Kristina was shaking her head vehemently. “That is from when this was one-family house. It does not work now. We disconnect.”
“Oh, great,” I said. I was still standing by the door, unsure if I should sit down. “So how do we turn on the heat?”
Kristina’s blond head began shaking again, even more frenetically. “Heat? What you need heat for? It small apartment. It’s warm in here. Hot .” She gestured to the round folds of her body. “Look at what I am wearing. And I’m hot. No heat. You don’t need heat.”
Don began laughing nervously. “Right, that’s because the oven’s on. We couldn’t figure out how to turn on the heat, so we turned on the oven and opened the door.”
Kristina’s eyes narrowed in her fleshy face. She crossed her arms over her bosom and sighed, pursing her lips again into a forbidding line. We were no longer her friends, no longer her dream tenants.
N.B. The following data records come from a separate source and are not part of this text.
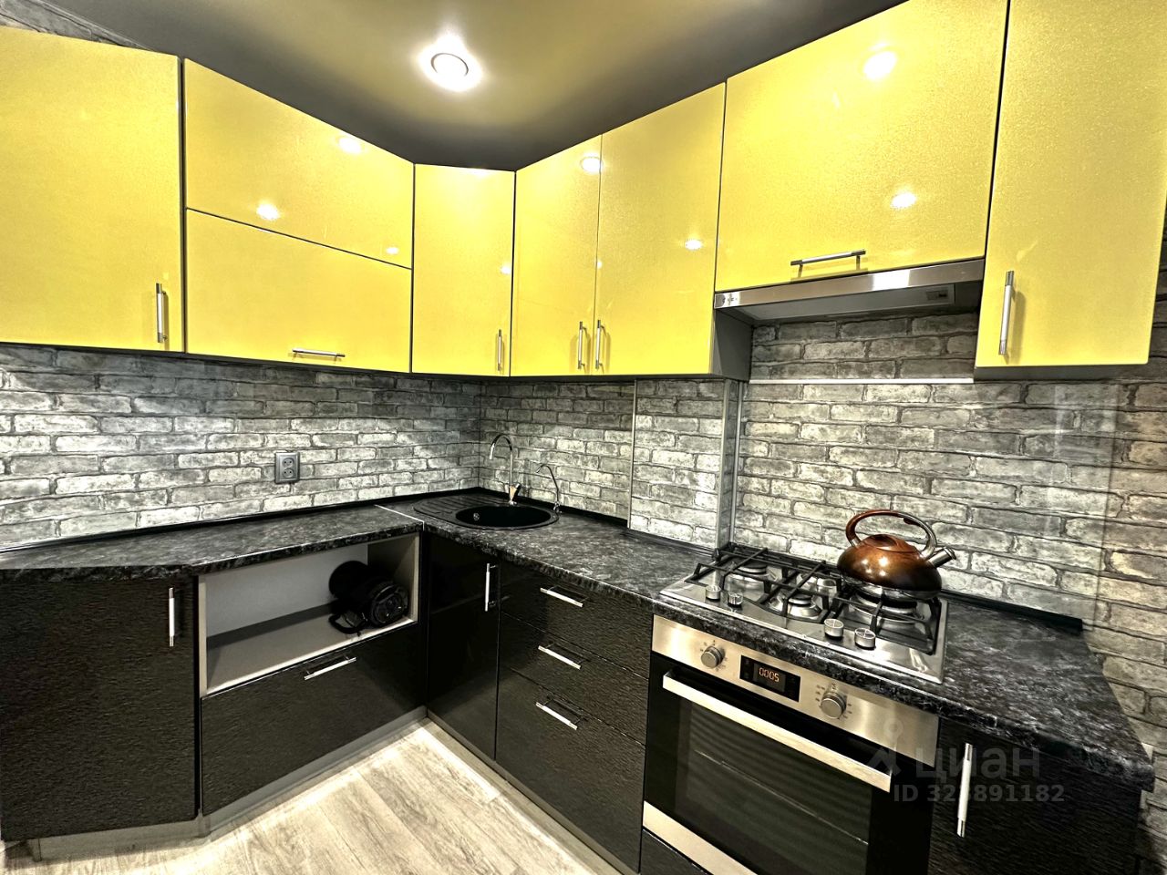 При продаже остается добротный кухонный гарнитур со встроенной техникой.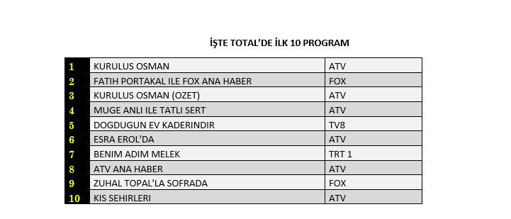 Total'de 1.sırada ATV’de yayınlanan “Kuruluş Osman”, 2.sırada “Fatih Portakal İle Fox Ana Haber”, 3.sırada “Kuruluş Osman”ın özeti yer aldı.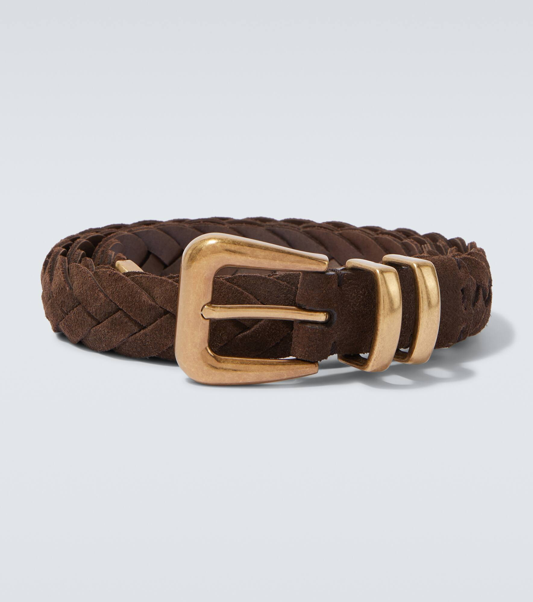 Brunello Cucinelli's designs are created in Solomeo, a medieval hamlet whose art and traditions are woven into the house's every fiber. This suede belt features an intricate braided finish and a square buckle with an antique gold tone. Product Details - Material: leather (suede) - Lining: leather - Made in Italy - Designer color name: C7284 - Item color: brown - Hardware color: antique gold - Closure: buckle fastening - Includes: dust bag, box - Item number: P01056107 Size & Fit - Width 2,5cm-1" - Buckle width 4cm-1.5"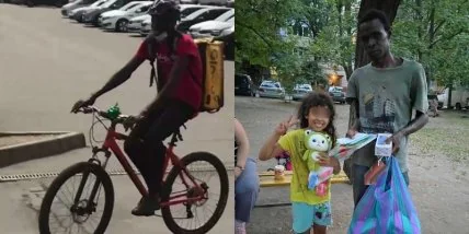 В Харькове жители города организовали помощь афроукраинцу, который сам воспитывает дочь. На днях в Телеграм каналах города распространилась информация о том, что у курьера Glovo Бубакара украли велосипед и он вынужден работать на транспорте дочери.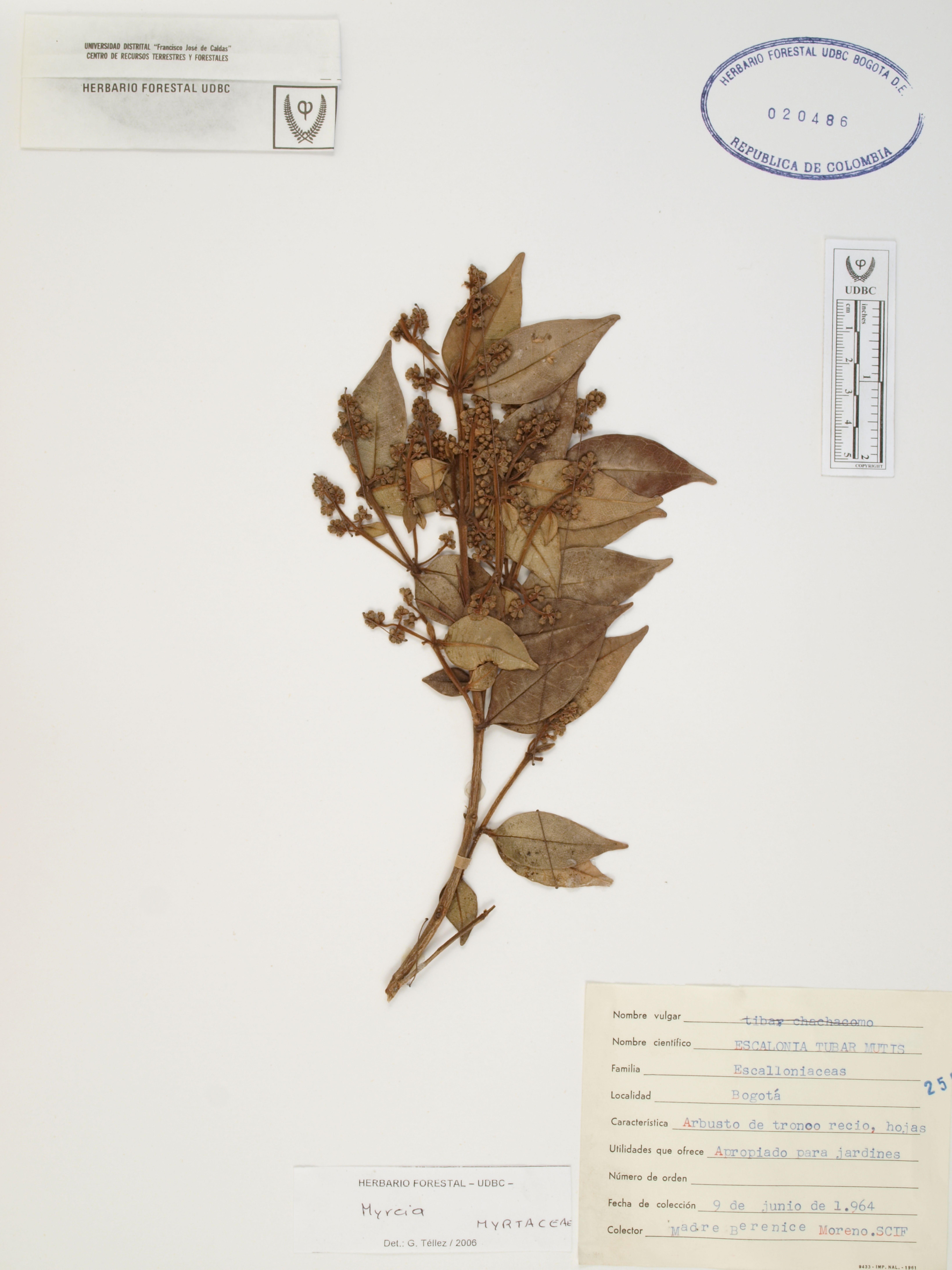 Fotografía del ejemplar Moreno, B., determinado como Myrcia sp. en el año 2006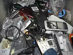Les téléphones portables ont une composition riche et complexe pour le recyclage[4]. Une tonne de téléphones portables contient 3 573 grammes d'argent, 368 grammes d'or et 287 grammes de palladium[5]. Les téléphones portables contiennent généralement les composants suivants : carte de circuit imprimé (PCB), écran à cristaux liquides (LCD), appareil photo, substrat flexible et moteur, et haut-parleur et microphone[4]. Ces composants sont fabriqués à partir d'éléments dangereux, précieux et de base[4]. Le circuit imprimé est composé de plomb, d'arsenic, d'or, d'argent, de cuivre, d'aluminium et d'autres métaux de base[4]. L'écran à cristaux liquides est composé d'or, d'argent, d'arsenic, de baryum, de cuivre et d'autres métaux de base[4]. L'appareil photo est composé d'argent, de cuivre et de nickel[4]. Le substrat flexible et le moteur sont composés d'argent, d'or, de cuivre et de platine[4]. Le haut-parleur et le microphone sont composés de cuivre, de manganèse et de zinc[4].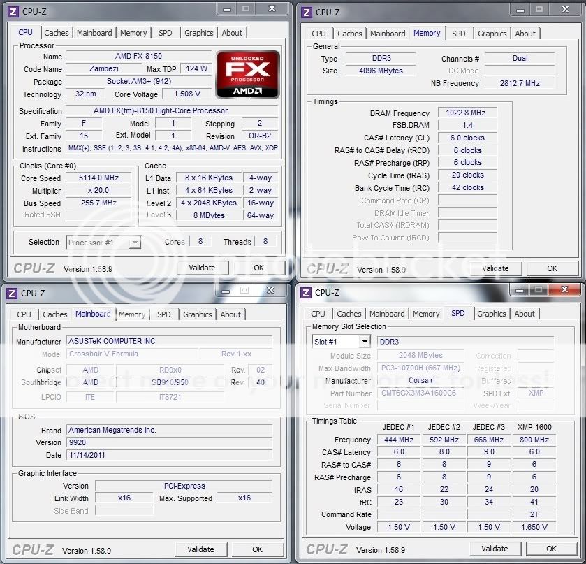 Here is my FX-8150 with my Corsair Dominator GT-1600mhz 6-6-6-20 hypers from my X58 setup

“I’m gonna check for you. But what you need heat for?” She smiled broadly. “You have oven. Oven is fine. Oven is same as heater.” She picked up a nylon track jacket, also red, with white stripes down the sleeves, slipped it on, and zipped it to her chin. “Jewish?” she said, looking at me and smiling. “You think I am stupid.”
Salinger hadn’t called since the day he’d requested the royalty statements—we still didn’t know why he wanted them; James and Hugh chalked it up to yet another of his eccentricities—but others began to call for him, just as my boss had told me they would.
Some of the callers were simply old—Salinger’s peers—and perhaps didn’t understand the extent of Salinger’s self-enforced isolation from the world. When last they’d checked, he’d been a tortured young writer, on the cover of Time magazine, the future of American literature writ large. These callers felt an enormous kinship with Salinger, for they, too, had served during World War II, or grown up on the Upper West Side in the 1930s. Often, they had a personal matter to discuss with Salinger: They thought a character in one of his stories was based on their cousin. Or they thought their cousin had done basic training with Salinger. Or they’d lived down the street from him in Westport in 1950. Now, at the dawn of their dotages, they wanted to be in touch with this man whose work had been so significant to them in their youth. Or they’d reread Catcher and only now realized the extent to which it was about Salinger’s experiences during the war. Or they’d just turned back to “A Perfect Day for Bananafish” and found themselves sobbing with recognition, for they, too, had been suicidal after the Battle of the Bulge. No man should ever see what they saw.